Any idea would be helpful, Thanks!


----------



## T-Man (May 16, 2008)

Most is Marx. Most engines are Marx. The old tin Lionel are common and in bad shape. Some Lionel Cars. You will be an expert from fixing Marx with that lot.
A 100 would get you a good steamer. For parts it may be worth it but you don't need parts. Not even a good transformer, I vote pass.

The last picture would add to your collection the thirdpicture is newer Lionel, no value.
First is old Marx second is Marx engines.
5,6,7, is Marx 8 is old Lionel prewar.
There is one scout motor and the 8902 I think is DC. Not one good 50's or 60's steamer in Lionel.


----------



## Big Ed (Jun 16, 2009)

T-Man said:


> Most is Marx. Most engines are Marx. The old tin Lionel are common and in bad shape. Some Lionel Cars. You will be an expert from fixing Marx with that lot.
> A 100 would get you a good steamer. For parts it may be worth it but you don't need parts. Not even a good transformer, I vote pass.

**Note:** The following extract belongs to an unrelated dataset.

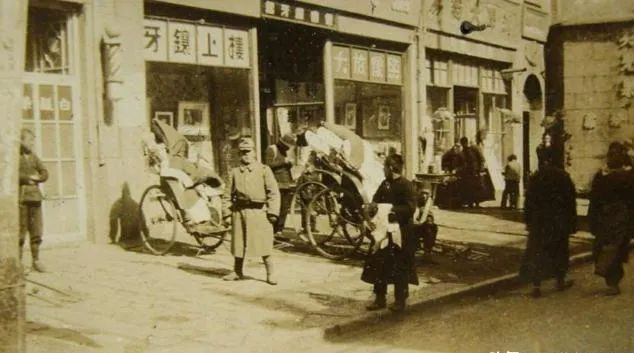 这条窄巷两边全挂着旗,风一拨啦啦作响,人力车把手靠在墙上歇凉,掌柜站在门口手插腰,写着“楼上镶牙”的招牌就那么直白,走过的人都瞄一眼,心里明镜似的,以前这条街天一亮就热闹,现在你看,影子长,脚步轻,像谁都不敢出声。

I vote.....offer them $50.

whats the red engine T Marx? with the what looks like cast nose.


----------



## T-Man (May 16, 2008)

Not sure Ed, It could be. I still have nightmares from the last time I worked on Marx. If I do it again I will use a contact cleaner spray on those reverse units.


----------



## SkyArcher (Oct 20, 2010)

I would not pass on it. There are 17 - 18 tinplate cars in that collection that even if they were only worth $10 each, you'd still be getting a good deal. I can't tell if there is any decent restorable engines in there anywere, tho.

I'd pass on most of the plastic stuff.


----------



## tjcruiser (Jan 10, 2010)

In one photo, 3 of the 4 Lionel tinplate cabooses and 2 tankers don't look all that bad to me. All rather common items, but these look in decent shape. I'd estimate $25 to $30 for that grouping to someone who really wanted those specific cars.

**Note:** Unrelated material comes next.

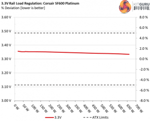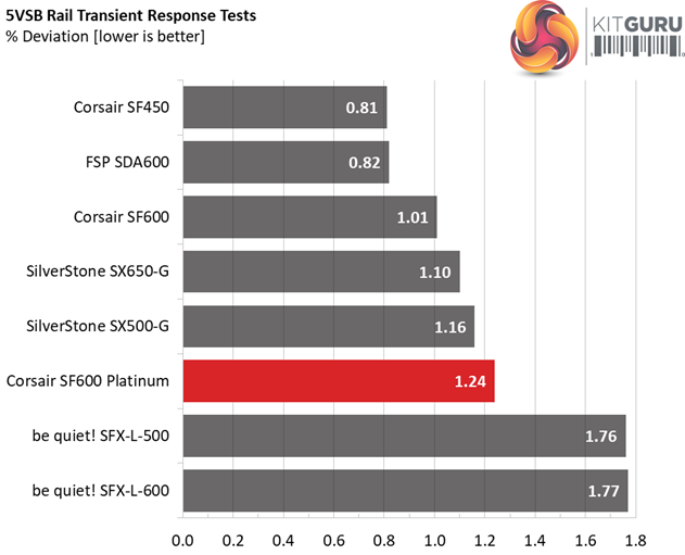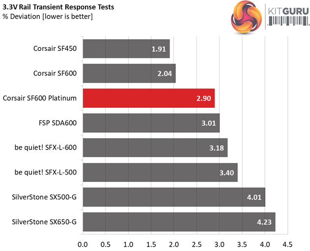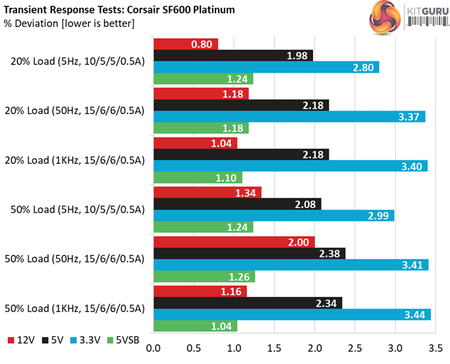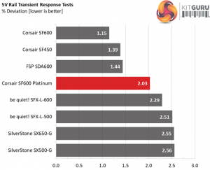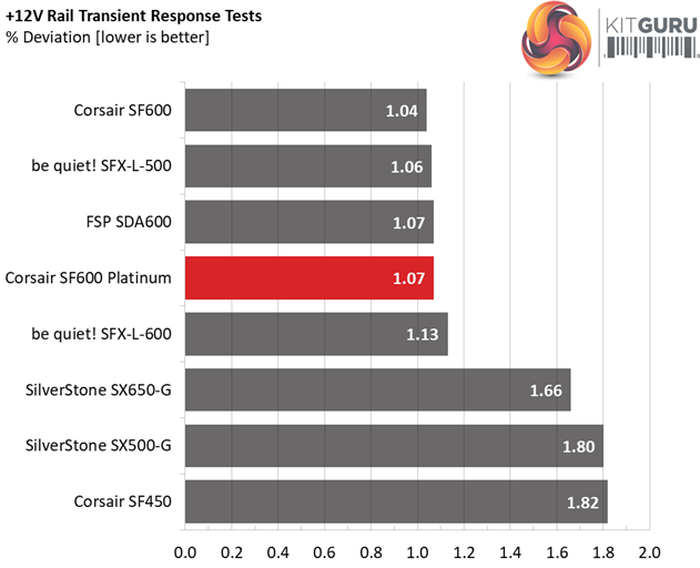 The transient response is good at +12V, for the standards of the SFX category, and quite good on the rest rails. Nonetheless, the gold SF600 unit registers lower deviations on the minor rails.

As far as value or recommendation on the full lot, I'd suggest that this is a very mixed bag. Prewar tinplate, Lionel mixed with Marx, several later-era "junk" items. I'm not sure that the lot as a whole would fit anyone's specific collection-passion list.

Cheers,

TJ


----------



## jbsmith966 (Jun 19, 2010)

Haggle them down.
Start with "Give ME $25 and I will take this stuff off of your hands."

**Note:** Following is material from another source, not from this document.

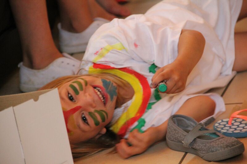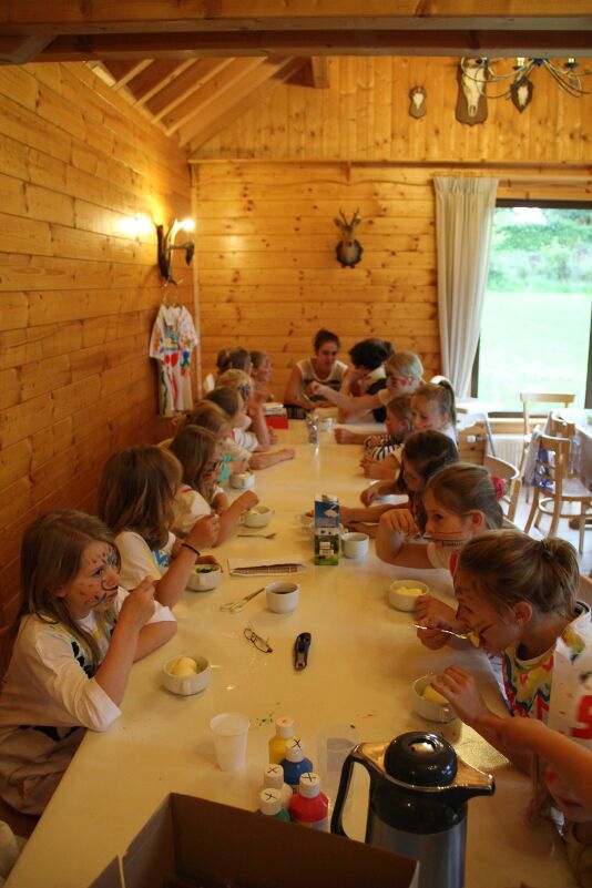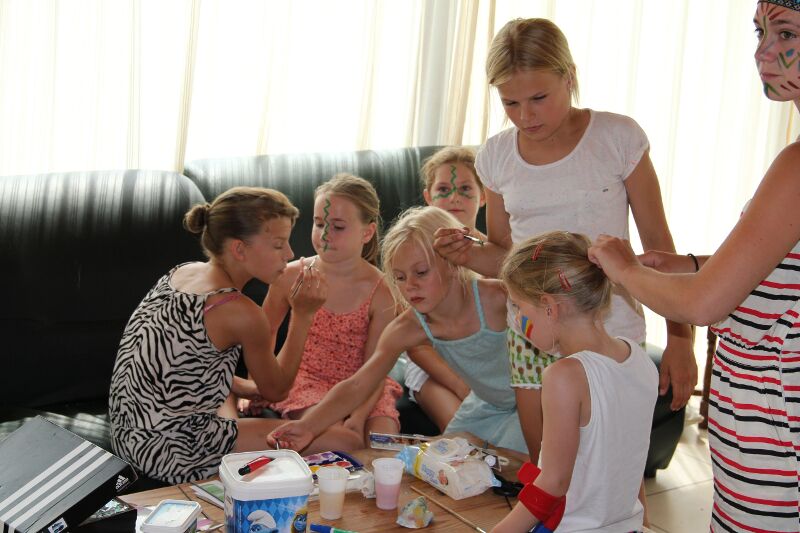 Doordat de indianen wat vermoeid waren vn de rustdag en turnvoormiddag hebben we een uurtje platte rust voorgeschreven. Daarna kon iedereen verder werken aan zijn ketting en indianen kleed. Daarna werkten ze per tipitent aan hun totempaal. En natuurlijk hoorde daarbij ook hunzelf of elkaar schminken.

The Locos look like they are dire need of being overhauled & refurbished.
This alone drives down the price, your cost of overhauling & refurbishing them if that is your intent. 

Ever see "Pawn Stars" or "American Pickers"?

The track is scrap metal & looks like there is much corrosion.

The Rolling stock,,the plastic ones are a dime a dozen and some appear to have missing parts. 
The metal ones might be worth something,,how much i know not,,try looking for like items on ebay to get an idea.

To be honest I would pass,,,,maybe $50 tops for the lot if at all.


----------



## T-Man (May 16, 2008)

It's a Red Mercury Engine starting at 39 on e bay with no takers.
It's a Marx deal, That and the Vanderbilt are nice engines for Marx. The bigger steamers need help.

What interests you in the box? The track is salvageable.


----------